• [EXERCISE MATERIALS]:
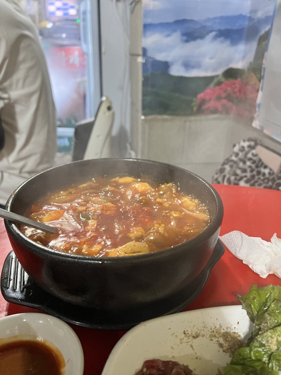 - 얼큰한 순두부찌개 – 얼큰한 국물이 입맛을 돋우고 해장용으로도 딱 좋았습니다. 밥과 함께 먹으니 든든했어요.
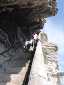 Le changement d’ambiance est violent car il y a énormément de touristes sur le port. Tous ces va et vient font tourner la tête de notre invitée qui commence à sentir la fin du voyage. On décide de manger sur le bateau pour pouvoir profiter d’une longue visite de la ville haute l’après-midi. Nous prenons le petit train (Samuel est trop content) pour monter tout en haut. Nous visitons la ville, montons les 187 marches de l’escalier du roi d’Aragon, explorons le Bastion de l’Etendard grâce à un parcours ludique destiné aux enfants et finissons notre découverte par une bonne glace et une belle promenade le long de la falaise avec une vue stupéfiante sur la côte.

--

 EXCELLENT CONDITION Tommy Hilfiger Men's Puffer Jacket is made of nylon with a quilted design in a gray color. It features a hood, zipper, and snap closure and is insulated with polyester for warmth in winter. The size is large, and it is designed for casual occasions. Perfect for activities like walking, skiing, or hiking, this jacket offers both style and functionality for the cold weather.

...

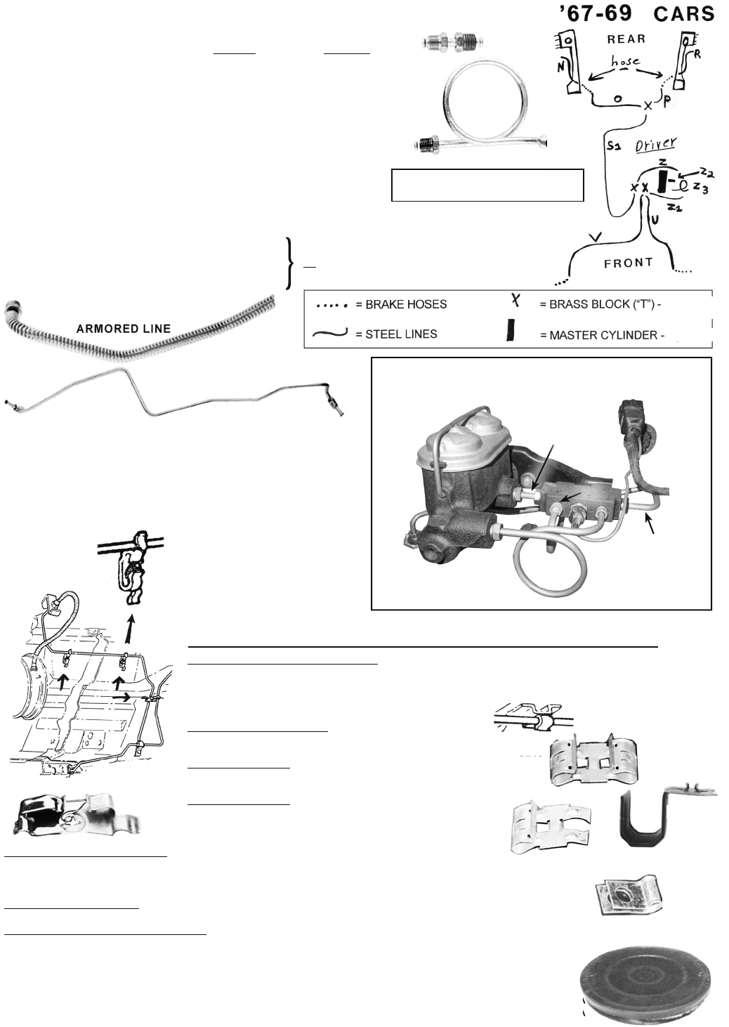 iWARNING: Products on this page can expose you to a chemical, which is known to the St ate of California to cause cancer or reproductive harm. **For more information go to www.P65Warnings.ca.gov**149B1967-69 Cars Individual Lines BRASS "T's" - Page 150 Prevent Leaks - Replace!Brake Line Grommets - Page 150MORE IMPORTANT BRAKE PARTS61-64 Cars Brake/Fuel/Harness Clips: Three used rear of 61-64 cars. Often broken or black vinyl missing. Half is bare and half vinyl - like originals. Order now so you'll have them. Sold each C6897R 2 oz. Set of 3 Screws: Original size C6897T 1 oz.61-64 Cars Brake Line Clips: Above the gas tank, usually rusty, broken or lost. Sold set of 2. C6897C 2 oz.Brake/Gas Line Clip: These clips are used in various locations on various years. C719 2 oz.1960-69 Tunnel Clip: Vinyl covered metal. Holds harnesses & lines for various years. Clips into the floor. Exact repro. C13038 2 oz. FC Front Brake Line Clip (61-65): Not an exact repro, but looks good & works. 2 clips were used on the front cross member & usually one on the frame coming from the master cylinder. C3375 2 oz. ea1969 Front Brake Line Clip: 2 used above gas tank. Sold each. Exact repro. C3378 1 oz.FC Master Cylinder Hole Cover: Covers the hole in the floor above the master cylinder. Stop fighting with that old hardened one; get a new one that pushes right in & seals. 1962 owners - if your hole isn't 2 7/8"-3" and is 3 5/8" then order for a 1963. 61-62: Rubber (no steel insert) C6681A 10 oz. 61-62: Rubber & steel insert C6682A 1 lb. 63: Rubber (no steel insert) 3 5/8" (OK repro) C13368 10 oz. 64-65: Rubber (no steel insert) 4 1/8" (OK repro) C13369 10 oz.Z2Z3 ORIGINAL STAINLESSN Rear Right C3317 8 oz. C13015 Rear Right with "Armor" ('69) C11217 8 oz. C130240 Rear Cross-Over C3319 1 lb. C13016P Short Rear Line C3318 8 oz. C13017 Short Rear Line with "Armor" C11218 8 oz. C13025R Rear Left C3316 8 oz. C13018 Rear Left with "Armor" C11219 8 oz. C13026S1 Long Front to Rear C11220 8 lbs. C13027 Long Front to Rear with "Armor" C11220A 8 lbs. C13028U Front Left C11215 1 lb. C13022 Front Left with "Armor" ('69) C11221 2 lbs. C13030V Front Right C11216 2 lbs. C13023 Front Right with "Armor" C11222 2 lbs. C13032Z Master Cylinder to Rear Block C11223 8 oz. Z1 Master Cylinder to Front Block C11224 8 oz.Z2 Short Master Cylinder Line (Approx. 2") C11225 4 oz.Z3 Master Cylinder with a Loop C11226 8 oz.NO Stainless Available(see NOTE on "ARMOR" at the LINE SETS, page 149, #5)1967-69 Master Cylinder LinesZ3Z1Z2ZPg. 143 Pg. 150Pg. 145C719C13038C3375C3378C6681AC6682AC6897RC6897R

• [DESCRIPTION OF THE TASK]: Taking the entries above, extract every line from the one bearing "- 얼큰한 순두부찌개" through the one bearing "Le changement d’ambiance", exactly, with no pictures.

• [RESPONSE TO THE TASK]:
 - 얼큰한 순두부찌개 – 얼큰한 국물이 입맛을 돋우고 해장용으로도 딱 좋았습니다. 밥과 함께 먹으니 든든했어요.
 Le changement d’ambiance est violent car il y a énormément de touristes sur le port. Tous ces va et vient font tourner la tête de notre invitée qui commence à sentir la fin du voyage. On décide de manger sur le bateau pour pouvoir profiter d’une longue visite de la ville haute l’après-midi. Nous prenons le petit train (Samuel est trop content) pour monter tout en haut. Nous visitons la ville, montons les 187 marches de l’escalier du roi d’Aragon, explorons le Bastion de l’Etendard grâce à un parcours ludique destiné aux enfants et finissons notre découverte par une bonne glace et une belle promenade le long de la falaise avec une vue stupéfiante sur la côte.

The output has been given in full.